Instructions for the task: In the entries below, find the line with "Natürlich muss man" and the line with "2010年12月運動型多用途", then retype both and everything between them exactly. Do not copy the pictures.

Exercise materials:
◇ ◇ ◇ ◇ ◇ ◇ ◇
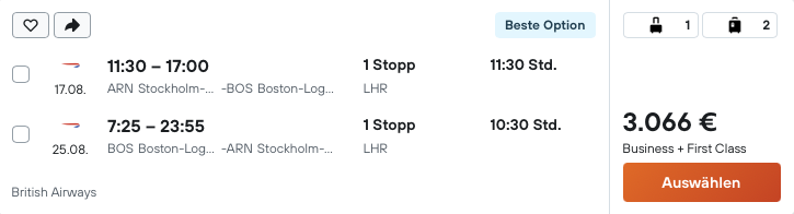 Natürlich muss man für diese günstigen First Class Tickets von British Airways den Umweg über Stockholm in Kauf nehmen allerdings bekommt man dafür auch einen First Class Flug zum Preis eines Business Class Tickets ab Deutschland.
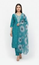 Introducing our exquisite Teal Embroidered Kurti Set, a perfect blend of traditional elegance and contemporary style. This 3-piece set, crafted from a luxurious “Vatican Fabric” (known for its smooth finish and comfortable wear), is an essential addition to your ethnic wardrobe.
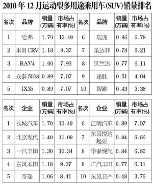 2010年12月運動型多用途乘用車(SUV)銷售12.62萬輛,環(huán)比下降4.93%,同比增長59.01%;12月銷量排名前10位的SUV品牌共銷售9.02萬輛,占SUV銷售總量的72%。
◇ ◇ ◇ ◇ ◇ ◇ ◇
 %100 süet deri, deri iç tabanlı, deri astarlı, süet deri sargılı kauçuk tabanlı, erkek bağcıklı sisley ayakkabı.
◇ ◇ ◇ ◇ ◇ ◇ ◇
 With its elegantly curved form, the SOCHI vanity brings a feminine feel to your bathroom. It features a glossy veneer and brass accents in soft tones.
◇ ◇ ◇ ◇ ◇ ◇ ◇
Answer below:
 Natürlich muss man für diese günstigen First Class Tickets von British Airways den Umweg über Stockholm in Kauf nehmen allerdings bekommt man dafür auch einen First Class Flug zum Preis eines Business Class Tickets ab Deutschland.
 Introducing our exquisite Teal Embroidered Kurti Set, a perfect blend of traditional elegance and contemporary style. This 3-piece set, crafted from a luxurious “Vatican Fabric” (known for its smooth finish and comfortable wear), is an essential addition to your ethnic wardrobe.
 2010年12月運動型多用途乘用車(SUV)銷售12.62萬輛,環(huán)比下降4.93%,同比增長59.01%;12月銷量排名前10位的SUV品牌共銷售9.02萬輛,占SUV銷售總量的72%。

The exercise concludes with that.